As the tables turn on Durham County, North Carolina district attorney Mike Nifong, who has finally been appropriately reprimanded for his overt prosecutorial malfeasance regarding his undertaking into the prosecution of the Duke Lacrosse rape allegations, there is but another equally egregious malfeasance, if but only one, which ought to draw the ire of any American short on memory. I am of course referring to United States v. Libby.
Now, despite any such ruling to the contrary, Lewis “Scooter” Libby’s biggest crime is likely to have been working as chief of staff for the passionately loathed Vice President Cheney. In what was as much a witch hunt as the Duke debacle out of North Carolina leading this week to Nifong’s obvious disbarment, the United States v. Libby criminal trial proved just how unjust politics can be. But despite what vitriol those on the left may have for the Bush administration or rather anyone even remotely associated with it, Lewis Libby bears the crime of “forgetting to remember to forget”; while ordered to serve his sentence on appeal of the ruling which is indeed disheartening given the judicial stretch of the imagination leading to Libby’s “apparent crime” of perjuring himself during a trial for a crime in which no one was ever charged.
The case was, from the outset, questionable given the original jurisdiction of prosecutor Patrick Fitzgerald. The questionability stems from the initial appointment of Fitzgerald and whether or not Fitzgerald is an “inferior” or “principal” officer under the Appointments Clause of the United States Constitution.
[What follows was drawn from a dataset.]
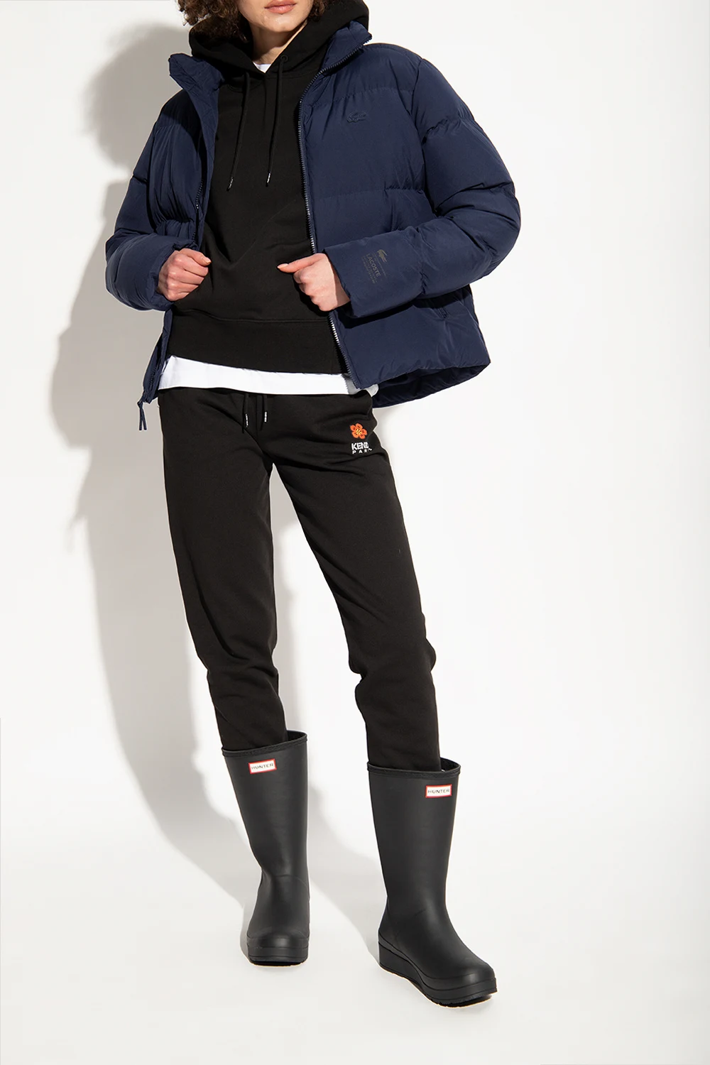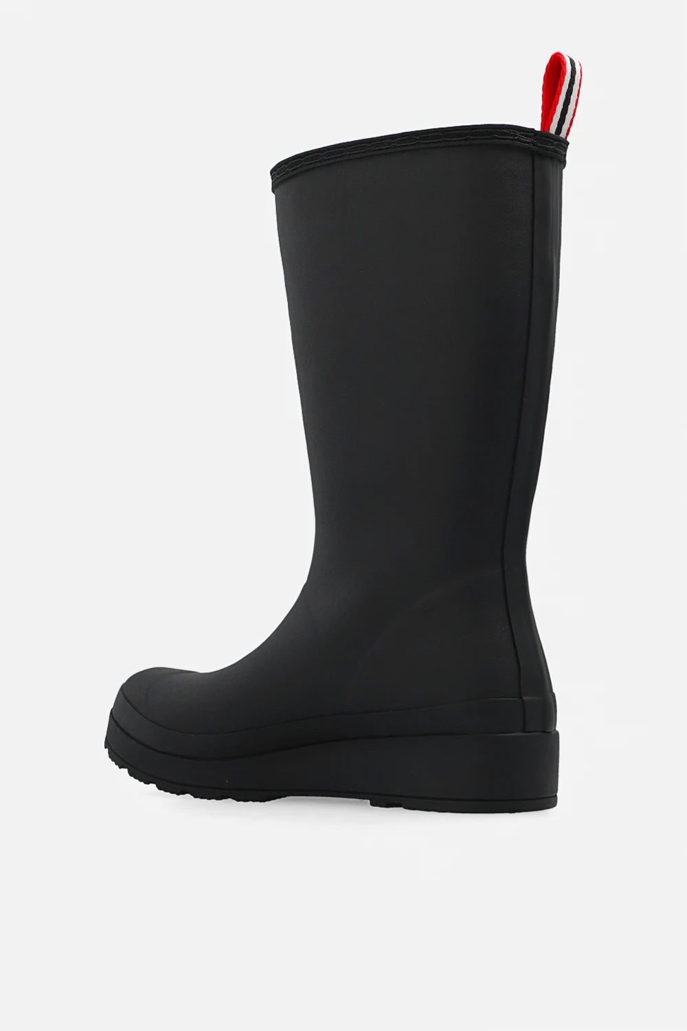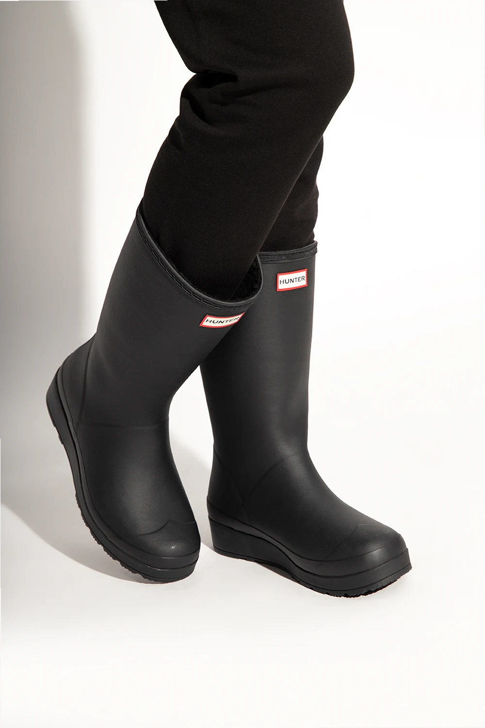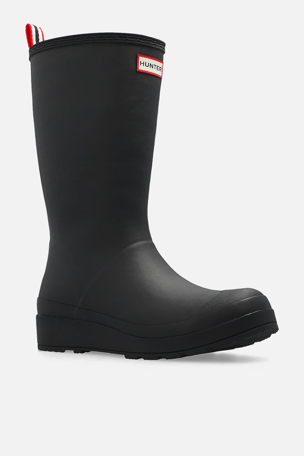 Czarne kalosze, model ‘Play Tall’ Hunter. Wykonane ręcznie z naturalnej, wulkanizowanej gumy o matowym wykończeniu. Z przodu ozdobione aplikacją z logo. Z tyłu materiałowy uchwyt w kolorze biało-czerwono-granatowym oraz biały nadruk z logo. Warstwa wewnętrzna wykończona sztucznym futrem. Gumowa podeszwa zewnętrzna z charakterystycznym dla marki wzorem bieżnika.

Couple this with the judge’s refusal to permit the jury to hear from a memory expert while not allowing for much consideration with respect to Libby’s extremely busy schedule and massive workload on matters of national security and you begin to see the root of a pattern to incriminate someone (anyone) who can take some sort of fall for the canard of lying us into the Iraq war. But, to say the stage had not been properly set for the forthcoming rush to judgment, the pursuit to bring down the Bush administration in this concerted attempt to criminalize nothing at all, the crux of the case is even that much more perplexing, if not downright ludicrous.
Contrary to popular belief, Lewis Libby was not charged with “outing” Valerie Plame. The man who disclosed Valerie Plame as a CIA employee to Robert Novak was Richard Armitage. Were it a crime to expose Valerie Plame as a CIA operative, neither Lewis Libby or Richard Armitage would have been charged with breaking the Intelligence Identities Protection Act. Because you see, while Valerie Plame was indeed employed by the CIA, her position was such that she was not protected under the provisions of the Act. Indeed this is a crucial fact; one in which Prosecutor Patrick Fitzgerald recognized and admitted that no law had been broken in the first place. And yet, the case (or rather witch hunt) proceeded with one of two counts; one involving conversations with reporter Judith Miller of the New York Times thrown out while the jury found for Libby on the count of conversations with Time reporter Matthew Cooper. The crux of the case however, comes from apparent discrepancies between a phone call Lewis Libby made to Meet the Press’ Tim Russert. It seems the recollection Russert has of the conversation didn’t quite gel with what Libby remembers. Either way, though we’ve asserted that Valerie Plame wasn’t protected from being “outed” and that it wasn’t Lewis Libby who “outed” her, the call Libby made to Russert wasn’t even about Valerie Plame but rather it was a complaint about Chris Mathews (I’m guessing they get a lot of those).
Now, those who are rushing to judgment in incriminating Lewis Libby for the crime of perjury ought to tread very lightly in harboring such a belief. For, under the United States Criminal Code: § 1623. False declarations before grand jury or court, any false declaration must not only be done knowingly but, more importantly, such a false declaration must be material to the point in question. Given that there was no criminal act stemming from the case, I’m still struggling to get my arms, not only around the belief that any falsification of Lewis Libby’s testimony was done intentionally but also, around the pertinence or relevancy of any of his testimony period. He could have rambled off his college transcripts for all we care and it still would have had no bearing on the case whatsoever. Let us say for the sake of example that you were on the stand for breaking into your neighbors home and stealing thousands of dollars in jewelry. Following the break-in of your neighbors home, their alarm went off and police were dispatched. Upon arriving to the home they nabbed a man wearing all black with a bag full of jewelry who admits to the crime. Nonetheless, you are on the witness stand and are asked, “On the night of the burglary in question did you or did you not floss your teeth before going to bed?” If you answer that you did but it is later discovered that you didn’t, ought that be considered perjury? In layman terms, that is precisely what Lewis Libby is up against.
We should seek protections from the act of prosecutorial malfeasance so that none of us should one day find ourselves hauled into court and sent to jail for a crime we didn’t commit. Political persuasions aside, that my friends is something we should all be very afraid of.